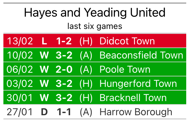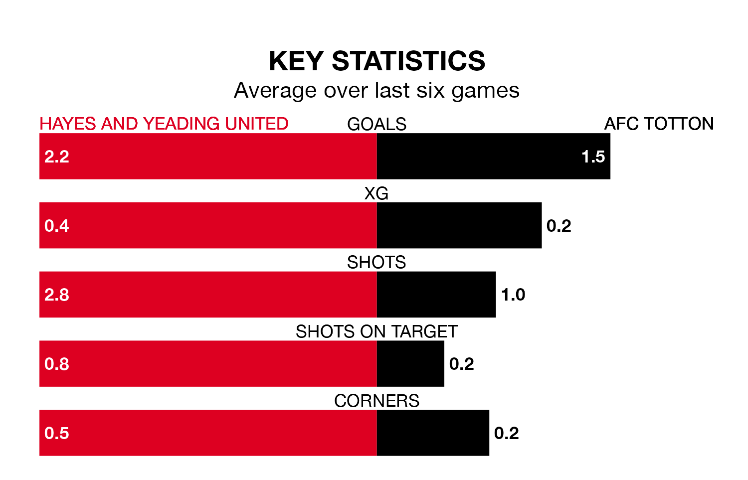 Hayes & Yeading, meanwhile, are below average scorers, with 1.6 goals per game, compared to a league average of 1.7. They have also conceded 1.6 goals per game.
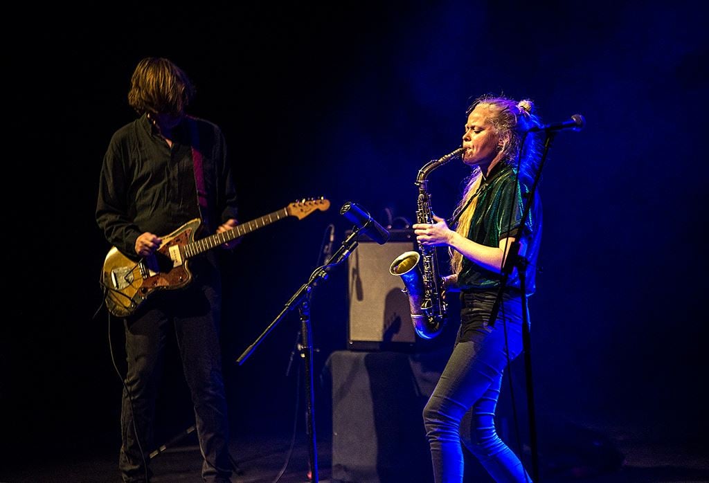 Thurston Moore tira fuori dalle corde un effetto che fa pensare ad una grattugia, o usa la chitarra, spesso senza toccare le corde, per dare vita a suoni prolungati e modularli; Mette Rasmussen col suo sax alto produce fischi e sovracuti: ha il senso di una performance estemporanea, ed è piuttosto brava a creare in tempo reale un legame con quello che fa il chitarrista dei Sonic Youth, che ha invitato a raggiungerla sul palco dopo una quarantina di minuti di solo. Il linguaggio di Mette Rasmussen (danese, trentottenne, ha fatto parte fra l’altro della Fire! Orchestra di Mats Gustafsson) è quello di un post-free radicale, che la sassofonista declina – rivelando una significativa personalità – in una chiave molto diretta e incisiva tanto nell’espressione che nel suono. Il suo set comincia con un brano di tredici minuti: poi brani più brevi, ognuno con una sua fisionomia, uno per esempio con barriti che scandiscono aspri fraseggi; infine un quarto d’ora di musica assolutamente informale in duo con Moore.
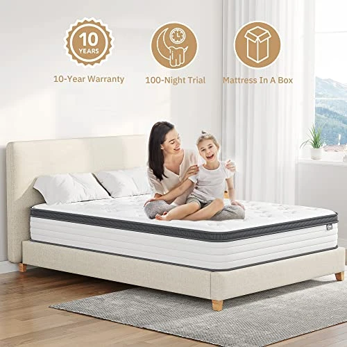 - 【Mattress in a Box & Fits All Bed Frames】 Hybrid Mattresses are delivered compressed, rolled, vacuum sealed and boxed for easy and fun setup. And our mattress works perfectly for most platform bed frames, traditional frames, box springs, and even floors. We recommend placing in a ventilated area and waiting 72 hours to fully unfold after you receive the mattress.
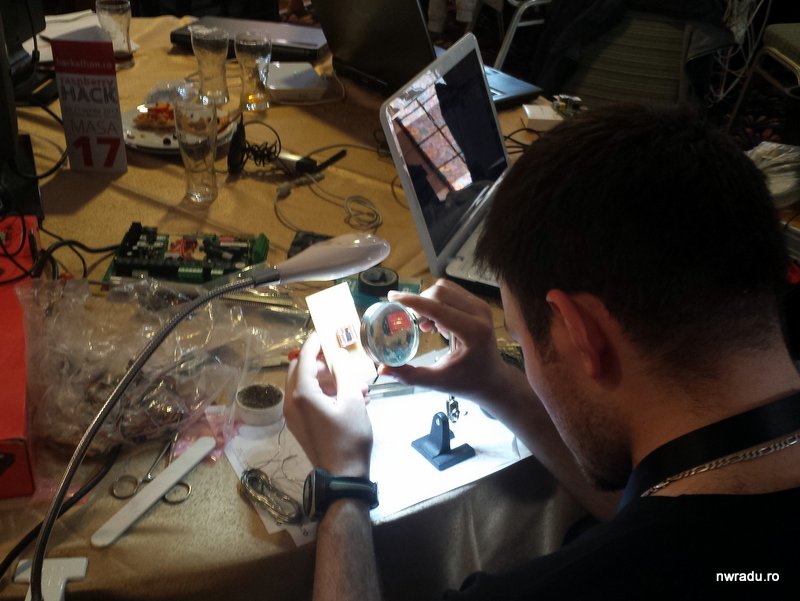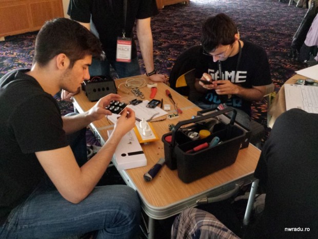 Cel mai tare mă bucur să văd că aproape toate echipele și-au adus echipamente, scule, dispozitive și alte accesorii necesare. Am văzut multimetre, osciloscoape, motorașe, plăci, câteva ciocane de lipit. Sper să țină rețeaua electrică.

### What this task involves
Pictures stay out; retype only the lines from the line containing "- 【Mattress in" through the end of the listing, inclusive, exactly as they appear.

### Your solution
 - 【Mattress in a Box & Fits All Bed Frames】 Hybrid Mattresses are delivered compressed, rolled, vacuum sealed and boxed for easy and fun setup. And our mattress works perfectly for most platform bed frames, traditional frames, box springs, and even floors. We recommend placing in a ventilated area and waiting 72 hours to fully unfold after you receive the mattress.
 Cel mai tare mă bucur să văd că aproape toate echipele și-au adus echipamente, scule, dispozitive și alte accesorii necesare. Am văzut multimetre, osciloscoape, motorașe, plăci, câteva ciocane de lipit. Sper să țină rețeaua electrică.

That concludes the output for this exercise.